Author: Harold Boley
RuleML Technical Memo


Combinations of the Semantic Web, Graph Databases, and Logic Programming are explored. Data are complemented by Knowledge (Ontologies and Rules). Graphs and Relations are integrated. The ensuing synergies cross-fertilize tools and techniques and contribute to eXplainable Artificial Intelligence and IT at large. As an example, representations of Cypher's Labeled Property Graphs in RDF and PSOA RuleML are discussed.

1 Introduction

In this document, three facets will be considered:

  • Research and Development (R&D) Field: Semantic Web, Graph Databases, and Logic Programming
  • Information Category: Data, Ontologies, and Rules
  • Structuring Paradigm: Graphs and Relations

Here is an initial refinement of the facets:

Field: The R&D fields of the Semantic Web, Graph Databases, and Logic Programming are each progressing on their own and in combinations as depicted by the following visualization:

SemanticGraphLogicSystems.png

Their three pairwise combinations visualized by the two-fold overlap areas are characterized here with synergies as follows:

  • Graph Databases and Logic Programming: Relational atomic formulas (atoms) from Logic Programming can be enriched by atoms corresponding to ground, i.e. variable-free, terms (instances) or non-ground, i.e. variable-containing, terms (patterns) of vertices (nodes) with outgoing labeled edges (arcs) from Graph Databases, as shown, e.g., by LIFE, F-logic, RIF, and PSOA RuleML; conversely, Graph Databases can be enriched by rules for deduction as in Logic Programming; see, e.g., PSOA RuleML Bridges Graph and Relational Databases
  • Graph Databases and Semantic Web: Semantic Web Triple Stores constitute a paradigm for knowledge graphs and for (RDF) Graph Databases queried with SPARQL, possibly built from natural-language texts using extraction methods (as for DBpedia), and Semantic Web tools such as reasoners could be adapted for Graph Databases; conversely, Graph Databases have developed novel modeling methods such as Labeled Property Graphs, and their techniques for time and space efficiency can benefit Semantic Web implementations
  • Logic Programming and Semantic Web: Semantic Web methods such as for text extraction can be transferred to build fact-and-rule bases for Logic Programming, and its Formal Concept Analysis taxonomy generators and Description Logic ontology classifiers, e.g. for OWL TBoxes, could be adapted to preprocessors building type (sort) lattices for sorted and graph-relational Logic Programs from class descriptions; conversely, Ontology languages can be defined via Rules, and Logic Programming methods such as the polyadic relations of Datalog, optionally augmented by the polyadic functions of Horn logic, can be transferred to Semantic Web rules, as shown, e.g., by RIF and RuleML

Category: While much of the current effort centers on Big Data, sometimes extended to Smart Data etc., the information category of Data will be complemented here by the category of Knowledge (Ontologies and Rules). Ontologies among other things support the specification of schema-generalizing semantics for Data. Rules (generalizing database views) support, e.g., the derivation of new Data from given Data.

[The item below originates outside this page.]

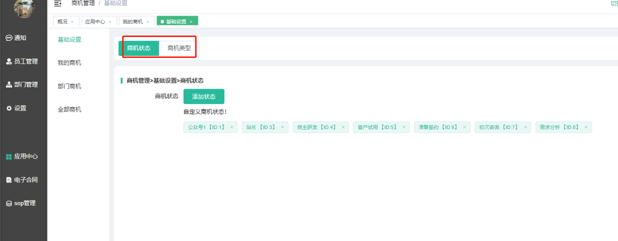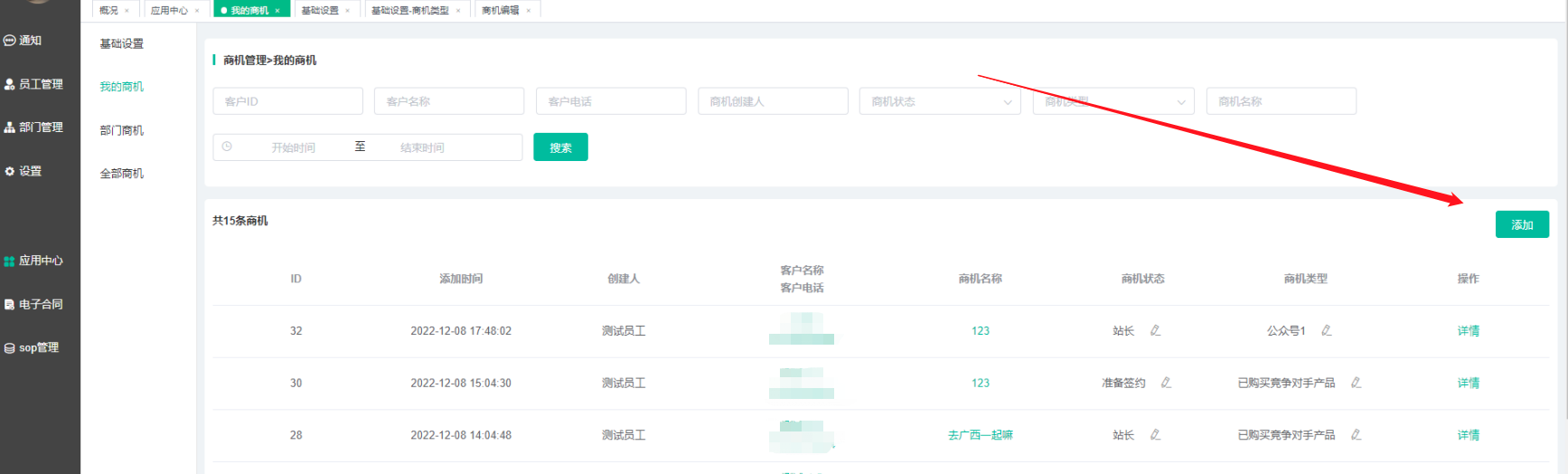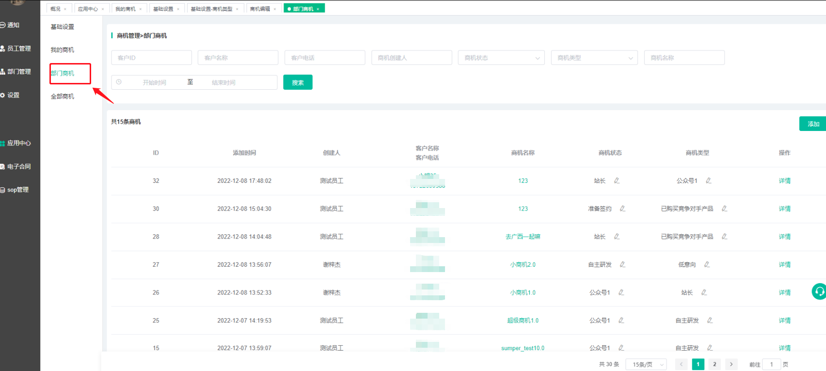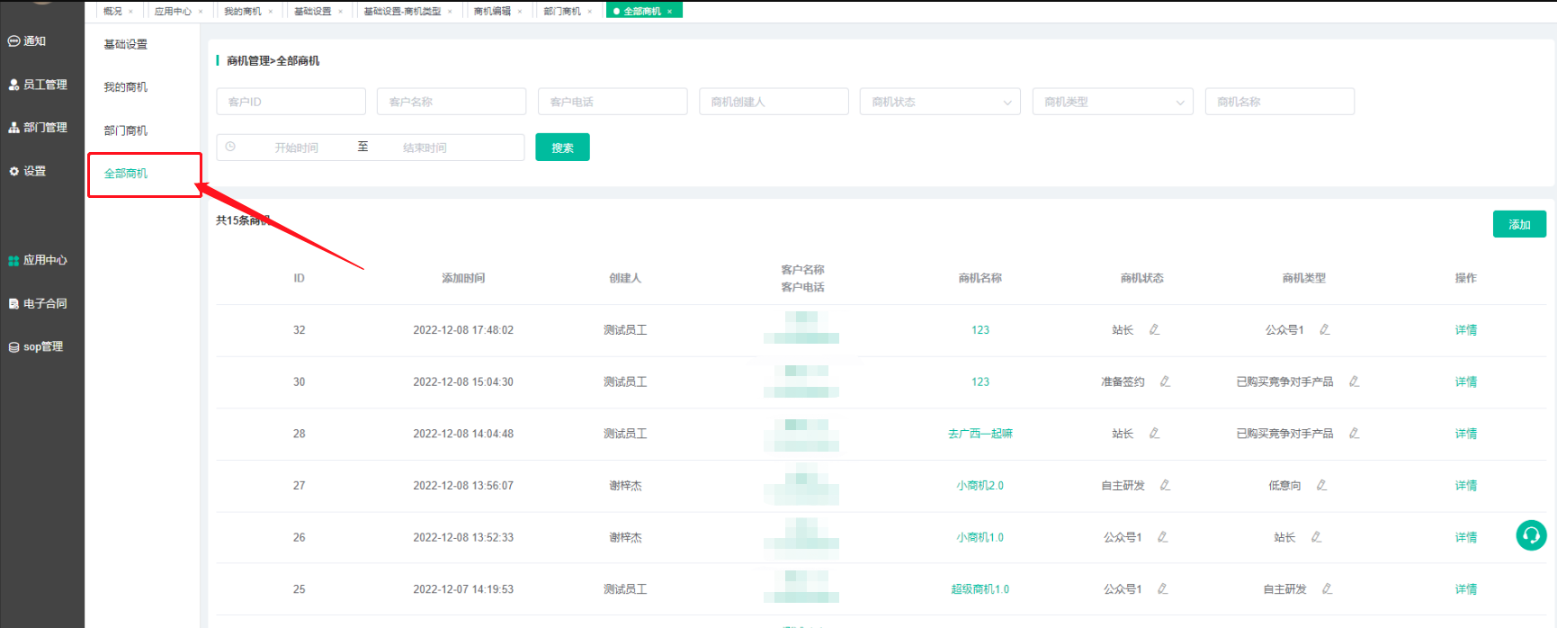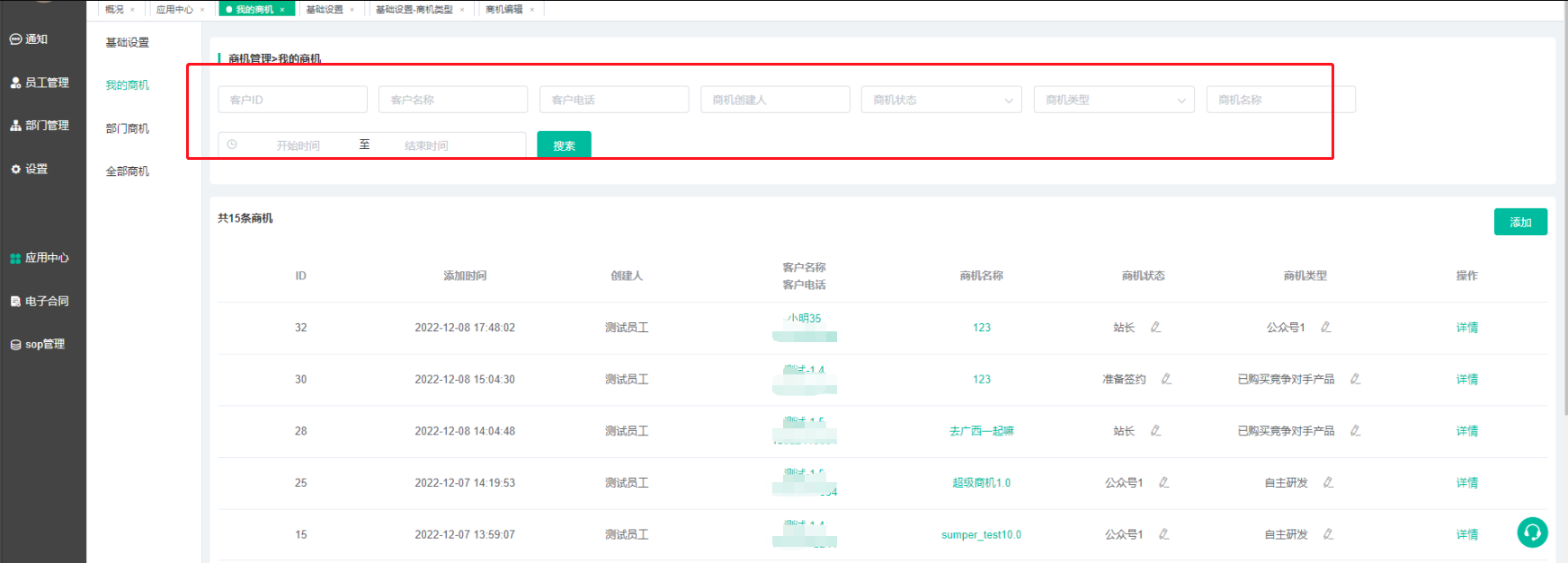 搜索栏:可通过筛选客户id、客户名称、电话、商机创建人、商机状态、商机类型、商机名称、时间来筛选数据
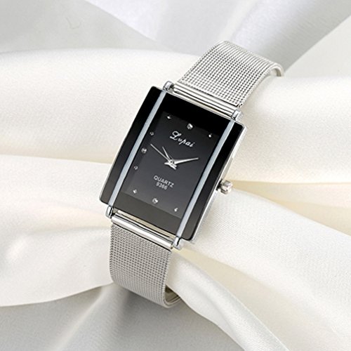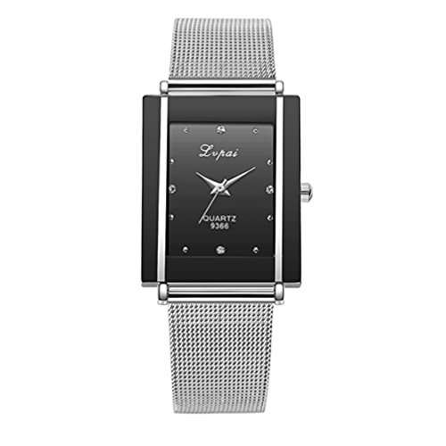 -. Title : Lvpai Unisex Rectangle Dial Stainless Steel Mesh Strap Quartz Wrist Watch - Black

Paradigm: The structuring paradigms of Graphs and Relations will be bridged (for both Data and Knowledge), resulting in an integrated Graph-Relational paradigm. The industry-leading Graph Database subparadigm of Labeled Property Graphs will be of special interest.

This document proceeds to sections on: the integrated structuring paradigm for the information categories in the combination of all three fields, comparing Labeled Property Graphs with PSOA RuleML and RDF, broadening the scope to Artificial Intelligence (AI) and IT at large, as well as conclusions. Some of these topics are also introduced in accompanying slides.

2 The GraRelDOR Combination

The fields' three-way combination centered on the above visualization's three-fold overlap area highlights:

  1. the Semantic Web's notion of (domain) "semantics" for Data, extending its "Web" aspect to include intranets, the Internet of Things, and other networked systems,
  2. the "graph" structures of Graph Databases (complementary to Relational Databases), expanding their "data(base)" aspect to include Knowledge, and
  3. the computational "logic(s)" of Logic Programming, expanding its Relational "programming" aspect to include -- declarative -- specification as well as -- high-level -- (meta)modeling with Graph-Relational Rules.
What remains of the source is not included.